Living in a claustrophobic box where the walls block out all possible physical and electronic contact with the outside world hasn’t afforded many opportunities to read, let alone report on, some of the latest coffee news. But this one blog post oddity from The Weekly Standard caught our eye today: More Bad News for Starbucks – The Weekly Standard.

Starbucks and the Death of the Shotglass

Originally reported as a rumor by one of our readers last February (and later verified in The Washington Post), Starbucks management (read: CEO Howard Schultz) decided to introduce shotglasses in the production of their espresso drinks. Their idea was to add a little showmanship for the customer by introducing a practice we frowned upon as “anti-quality”.

Tell me why this palid dreck needed a shotglass to begin with again? The Weekly Standard‘s post suggests the practice was a quality measure.

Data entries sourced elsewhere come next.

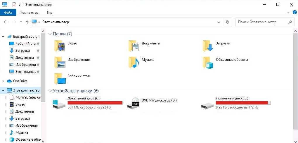 Другой случай нехватки ресурсов компьютера — это отсутствие свободного места на Вашем накопителе, особенно это актуально для системного диска (где установлена Windows). Откройте Проводник, и посмотрите, сколько свободного места на Ваших накопителях. Если диск подсвечен красным цветом, значит у Вас заканчивается место, и его нужно освободить, удалив лишние программы и данные. Особенно недостаток рабочего места негативно сказывается на SSD накопителях — для оптимальной производительности, его объем свободного места должен быть не менее 25% от полного объема.
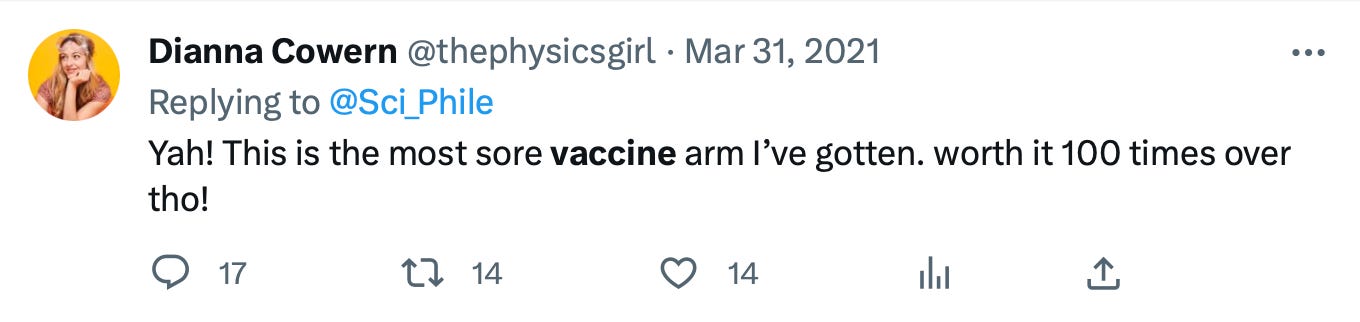 💉 YouTube star and frequent jab advocate “The Physics Girl” Dianna Cowern is suffering from months of deteriorating health, to the point she is now entirely disabled. She blames her condition on long covid, not long vaxx, despite having gotten the safe and effective shots, which were neither effective to protect her from viral or vaccinal injury.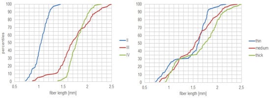 Length is one of the most diversified traits of in wood fibers, even within individual trees. This attribute is responsible for high-strength properties, so the paper and pulp industry utilize wood with long fibers (1–3.5 mm in length). However, fibers from deciduous tree species have fiber lengths within approximately 1–2 mm, which, in general, is less than the fiber lengths observed in coniferous species [,,]. High-strength properties in sheets of paper are obtained through the use of wood with long fibers (>1.7 mm). Intermediate fibers (0.5–1.7 mm) reduce static properties and increase dynamic strength properties, while short fibers (<0.5 mm) increase static strength properties [].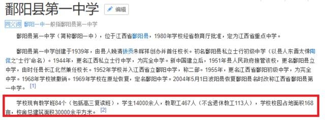学生是14000人,还是3270人?168亩和128亩,这个差入太大。不过可肯定的是,鄱阳一中要生源有生源,要办学场地有办学场地。这么多的生源、这么好的办学条件,即便拿到全县文、理科状元,也不尽人意!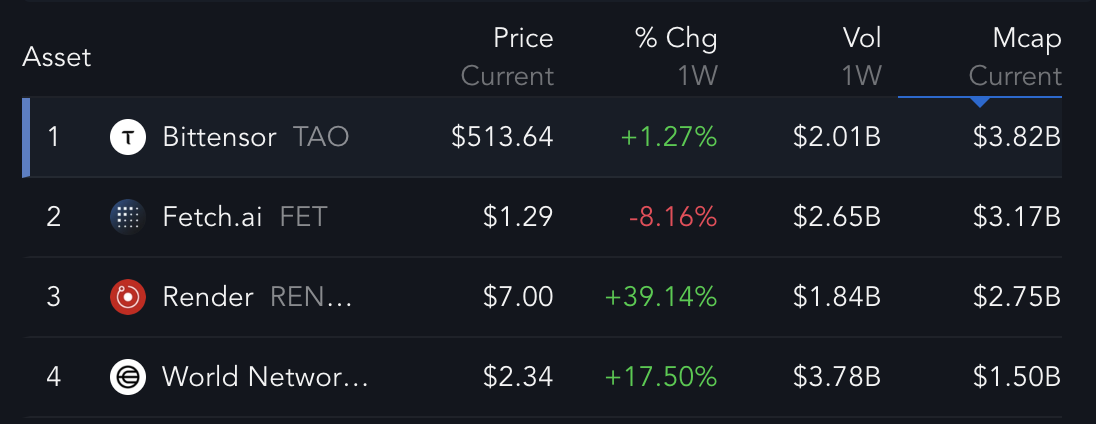 أكبر 4 عملات للذكاء الاصطناعي. المصدر: Messari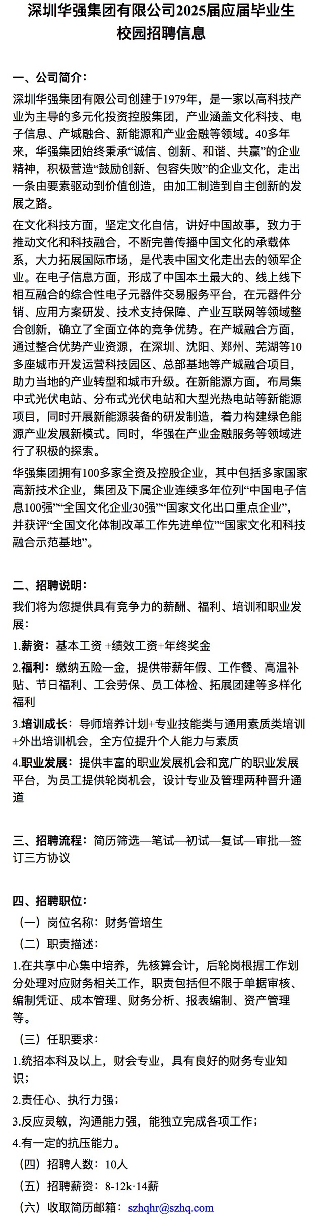 招聘 深圳华强集团有限公司2025届应届毕业生校园招聘信息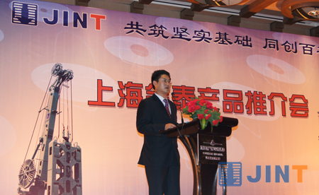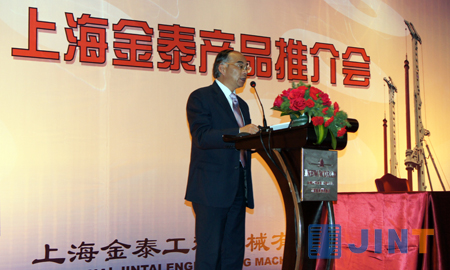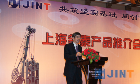 上海金泰副总经理徐峰为会议致欢迎词,他指出近年来,通过金泰全体员工的努力,正确把握市场需求方向及广大用户的信任支持,金泰取得了一些可喜的变化和成绩。特别是自2008年以来,金泰公司在上级公司“上海电气集团”的大力支持和帮助下,投资3亿多元,对公司原有厂房和装备进行了大规模的改造,极大地提升了金泰向“机电一体化”高端工程机械产品进军的生产能力。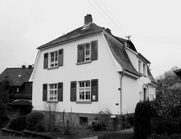 Auf großem Gartengrundstück original erhaltenes, eingeschossiges Wohnhaus mit hohem, abgewalmten Mansarddach. Zweiachsiger Putzbau auf Sandsteinsockel, die Fenster mit Sprossengliederung und Klappläden erhalten. Die für den Heimatschutzstil typische Dachdeckung in roten Bieberschwänzen ist ebenfalls noch vorhanden.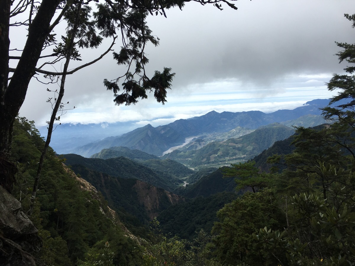 Along the way, there are several gaps in the trees which offer views, mostly over to the Northwest. Although both Yuanzui Shan (2180m) and Shaolai Shan (2307m), are pretty small for Taiwanese mountains, I am still constantly overwhelmed by the scale of the scenery here. The peaks we could see were peaks upon already-elevated mountain ranges, it’s a landscape that I doubt I can ever tire of.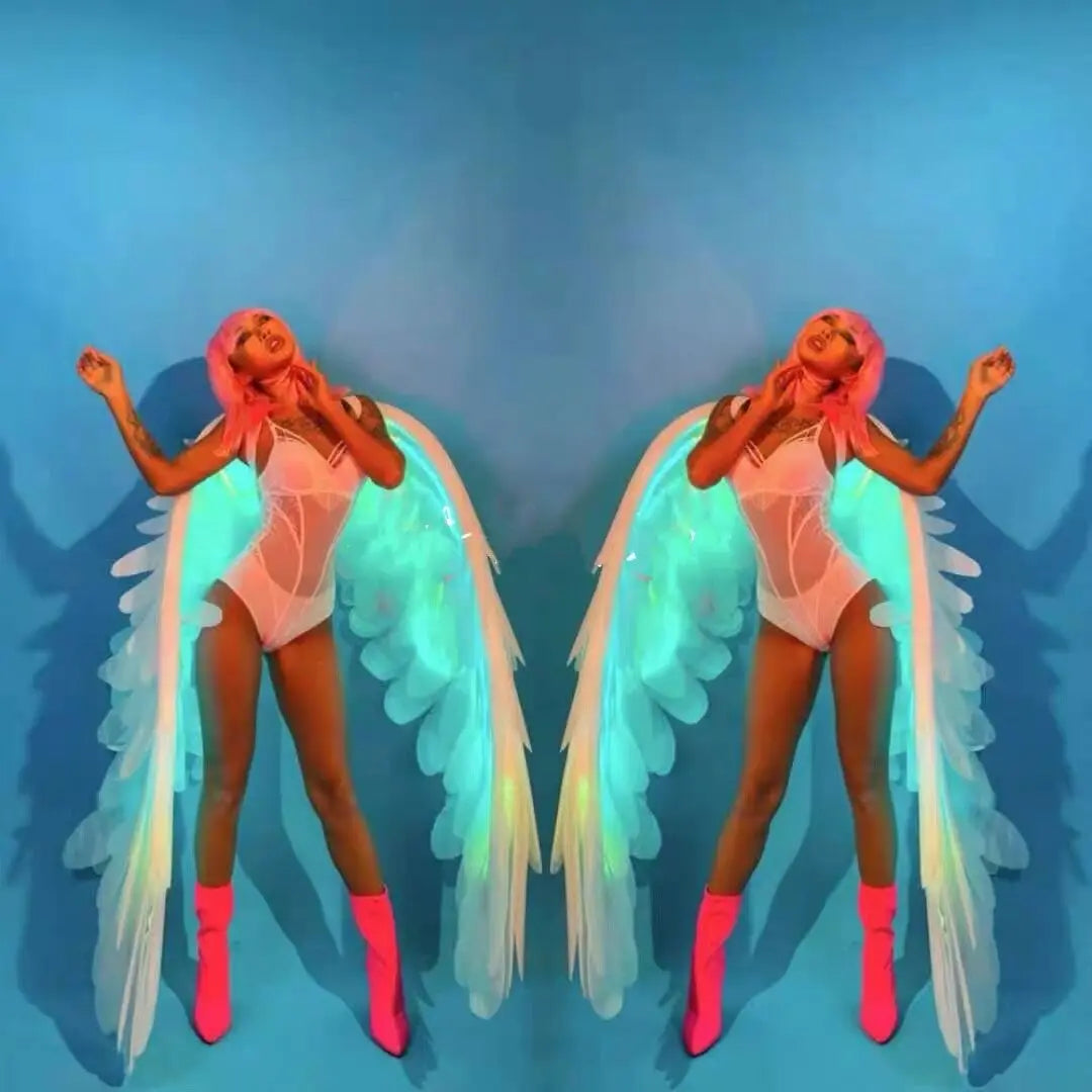 Add magic to any occasion with these LED Illuminated Feather Wings, a stunning accessory that transforms ordinary costumes into extraordinary visions. Perfect for Halloween angel outfits, stage performances, wedding photoshoots, and themed events, these wings combine ethereal feather design with soft LED lighting to create a dreamy glow. Lightweight and easy to secure with adjustable straps, they allow for graceful movement while capturing attention. Whether you're performing, celebrating, or posing for photos, these wings ensure you radiate elegance and fantasy.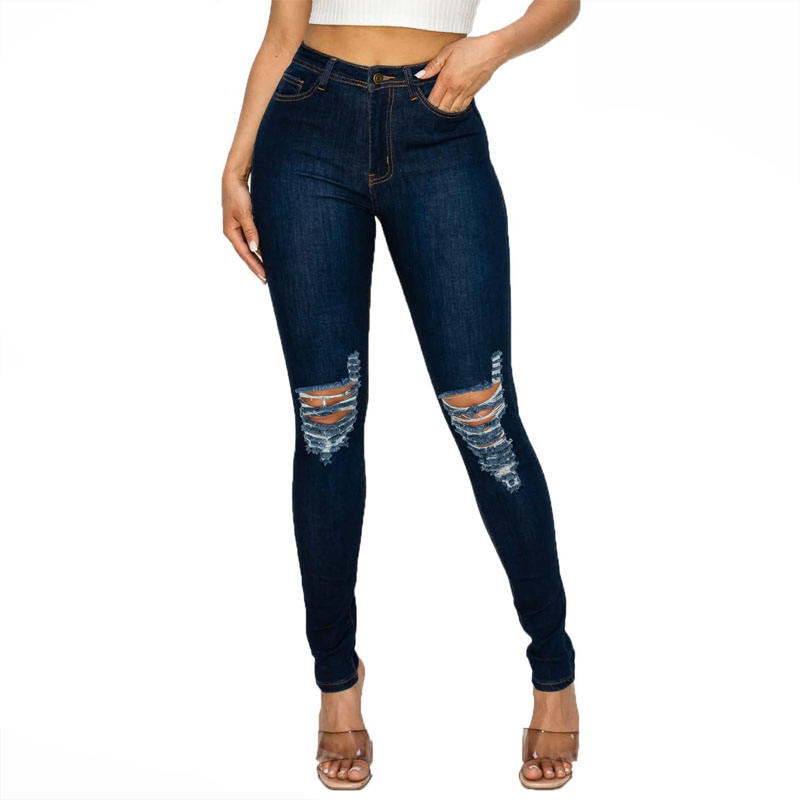2025 Wholesale High Quality Women's High Waisted-Rise Colored Stretch Skinny Destroyed Ripped Distressed Jeans Plus Size Solid

But they now cite Starbucks Gossip (a site that seems about as pointless as “Wal-Mart Gossip”) with a new corporate directive: cut out the extra five seconds of showmanship, the extra labor is costing us. The blog post interprets this shift as a move further away from quality towards cost savings, saying, “The company has decided that the quality of its product isn’t what has hurt them. Instead, the new espresso regime is an admission that it’s the economic environment that is weighing on SBUX.”

While the cited reasoning is credible — even if a jury room full of deprived caffeine addicts is direct evidence for the definition of “recession proof” — the great irony here is that eliminating another pointless device used as a “middleman” in the delivery of an espresso drink actually improves the beverage. It’s one less heat sink; it’s one less step to manhandle the espresso’s crema. So it sounds that Starbucks is unwittingly making a move towards better espresso, and they don’t even realize it.

As if there was any question left that Starbucks wasn’t already bankrupt in the quality espresso department.